Санитарный день
Шрифт:
— Заканчивай тут рекламировать рауф, и переходи к сути вопроса, — приказал Скрипач, вытаскивая из пачки очередную сигарету. — Дана уже всё поняла. Да?
— В основном да, поняла, — кивнула Дана. — Рауф, как и люди, существа социальные, и нуждаются в коммуникации с представителями своего вида. Верно?
— Почти, — кивнул Ит. — Но не совсем. Рауф являются феромонозависимым видом. То есть передача информации происходит еще и по этому уровню. Который у людей, между прочим, тоже существует, но не настолько выражен.
— Подожди, — попросила Дана. — То есть вот эта проблема, про которую мы говорим, она… из-за этого? Но вы же сами рассказывали, что рауф прекрасным образом жили годами среди людей, и всё было нормально.
— Верно, ты совершенно права, — кивнул Ит. — И рауф жили, и люди среди рауф тоже жили, и
— И что же? — с тревогой спросила Дана. — Ит, подожди. Ты же вырос среди людей. Ты жил в человеческой семье до тридцати трех лет…
— В откорректированном виде. И рыжий тоже, — ответил Ит.
— Ты суть самой проблемы не объяснил, — напомнил Скрипач. — Если хочешь, это могу сделать я. Понимаешь ли, мы сейчас молодые. То есть нас такими сделали, проведя через какое-то ну очень большое количество геронто, и выполнив ряд операций.
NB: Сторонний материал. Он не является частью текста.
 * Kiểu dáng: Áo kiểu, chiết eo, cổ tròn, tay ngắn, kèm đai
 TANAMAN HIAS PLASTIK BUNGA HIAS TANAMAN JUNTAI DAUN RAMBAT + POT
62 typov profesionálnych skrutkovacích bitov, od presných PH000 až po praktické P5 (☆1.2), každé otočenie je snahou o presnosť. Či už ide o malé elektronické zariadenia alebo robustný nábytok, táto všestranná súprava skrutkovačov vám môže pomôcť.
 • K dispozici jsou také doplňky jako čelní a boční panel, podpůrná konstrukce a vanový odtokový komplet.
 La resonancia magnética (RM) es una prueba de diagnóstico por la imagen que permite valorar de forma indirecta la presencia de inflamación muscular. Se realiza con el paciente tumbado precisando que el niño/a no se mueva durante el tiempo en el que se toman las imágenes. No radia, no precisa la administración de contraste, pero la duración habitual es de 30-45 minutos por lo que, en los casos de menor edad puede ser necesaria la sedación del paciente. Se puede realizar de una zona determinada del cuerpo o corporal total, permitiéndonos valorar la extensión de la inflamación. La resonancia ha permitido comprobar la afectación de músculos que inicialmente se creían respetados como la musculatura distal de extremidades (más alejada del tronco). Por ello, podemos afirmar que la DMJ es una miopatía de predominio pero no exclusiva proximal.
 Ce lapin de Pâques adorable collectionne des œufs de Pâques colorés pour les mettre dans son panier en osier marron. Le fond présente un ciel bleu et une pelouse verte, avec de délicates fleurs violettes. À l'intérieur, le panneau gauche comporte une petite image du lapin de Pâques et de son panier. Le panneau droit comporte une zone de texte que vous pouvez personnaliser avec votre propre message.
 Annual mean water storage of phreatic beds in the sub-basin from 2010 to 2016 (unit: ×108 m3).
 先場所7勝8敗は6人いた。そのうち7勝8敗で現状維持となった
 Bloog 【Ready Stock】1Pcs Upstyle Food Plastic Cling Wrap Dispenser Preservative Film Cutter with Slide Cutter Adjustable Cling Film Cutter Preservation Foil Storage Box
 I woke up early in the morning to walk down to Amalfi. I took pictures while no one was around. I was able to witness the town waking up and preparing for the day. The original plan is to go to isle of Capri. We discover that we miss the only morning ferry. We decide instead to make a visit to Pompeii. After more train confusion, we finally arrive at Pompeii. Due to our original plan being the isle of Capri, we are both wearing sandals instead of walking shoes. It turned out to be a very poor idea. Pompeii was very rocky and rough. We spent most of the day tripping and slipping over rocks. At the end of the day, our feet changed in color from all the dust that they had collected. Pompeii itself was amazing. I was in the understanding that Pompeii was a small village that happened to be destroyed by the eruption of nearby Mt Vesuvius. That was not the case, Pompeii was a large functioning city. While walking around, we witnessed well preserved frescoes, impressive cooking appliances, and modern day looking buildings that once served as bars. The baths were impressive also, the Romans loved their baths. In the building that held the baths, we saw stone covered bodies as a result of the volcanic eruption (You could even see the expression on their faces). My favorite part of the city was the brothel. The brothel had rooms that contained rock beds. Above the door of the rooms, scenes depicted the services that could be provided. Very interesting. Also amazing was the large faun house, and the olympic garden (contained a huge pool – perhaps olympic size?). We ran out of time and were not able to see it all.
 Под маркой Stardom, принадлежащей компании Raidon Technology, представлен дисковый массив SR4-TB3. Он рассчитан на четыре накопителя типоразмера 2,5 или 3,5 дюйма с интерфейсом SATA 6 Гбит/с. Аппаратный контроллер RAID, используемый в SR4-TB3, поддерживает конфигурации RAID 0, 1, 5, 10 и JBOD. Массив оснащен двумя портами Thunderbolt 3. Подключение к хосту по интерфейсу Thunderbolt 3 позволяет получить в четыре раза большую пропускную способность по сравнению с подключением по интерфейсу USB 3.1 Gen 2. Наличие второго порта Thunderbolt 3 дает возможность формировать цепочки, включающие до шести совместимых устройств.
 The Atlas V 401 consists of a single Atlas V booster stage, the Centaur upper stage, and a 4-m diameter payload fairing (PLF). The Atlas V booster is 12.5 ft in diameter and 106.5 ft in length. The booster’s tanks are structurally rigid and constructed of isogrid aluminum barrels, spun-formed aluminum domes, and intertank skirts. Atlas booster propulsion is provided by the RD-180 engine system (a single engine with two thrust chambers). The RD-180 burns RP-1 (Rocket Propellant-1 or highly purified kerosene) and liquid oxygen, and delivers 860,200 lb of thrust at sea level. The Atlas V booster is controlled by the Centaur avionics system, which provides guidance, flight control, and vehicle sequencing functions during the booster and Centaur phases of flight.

Когда мы оперировали травмы, кое-что мы успели посмотреть, но, к сожалению, в тот момент не было возможности изучить всё детально, так, как нам бы хотелось. Некоторые моменты вызывали сомнения, но, опять же, проверить всё досконально тогда мы не сумели. Да и не диагностируются некоторые вещи заранее, причем без предпосылок.
— Какие именно? И что это вообще за болезнь такая? — спросила Дана.
— Это не болезнь, это состояние, — ответил Ит. — Можно назвать поздним пубертатным периодом, именно в это время молодые рауф начинают, скажем так, реагировать друг на друга. Обычно сбои у молодежи дальше появления той разновидности дерматита, о которой идет речь, не заходят, но бывали случаи гораздо более серьезные.
— В изолированных группах, — добавил Скрипач. — Как это ни странно, такого рода гормональные сбои обычно бывают в среде очень и очень богатых рауф, там, где родители стараются изолировать детей и подростков от плебса. На ранних стадиях это купируется просто сменой обстановки, и общением со сверстниками всех полов, а не только своего. Но вот на поздних…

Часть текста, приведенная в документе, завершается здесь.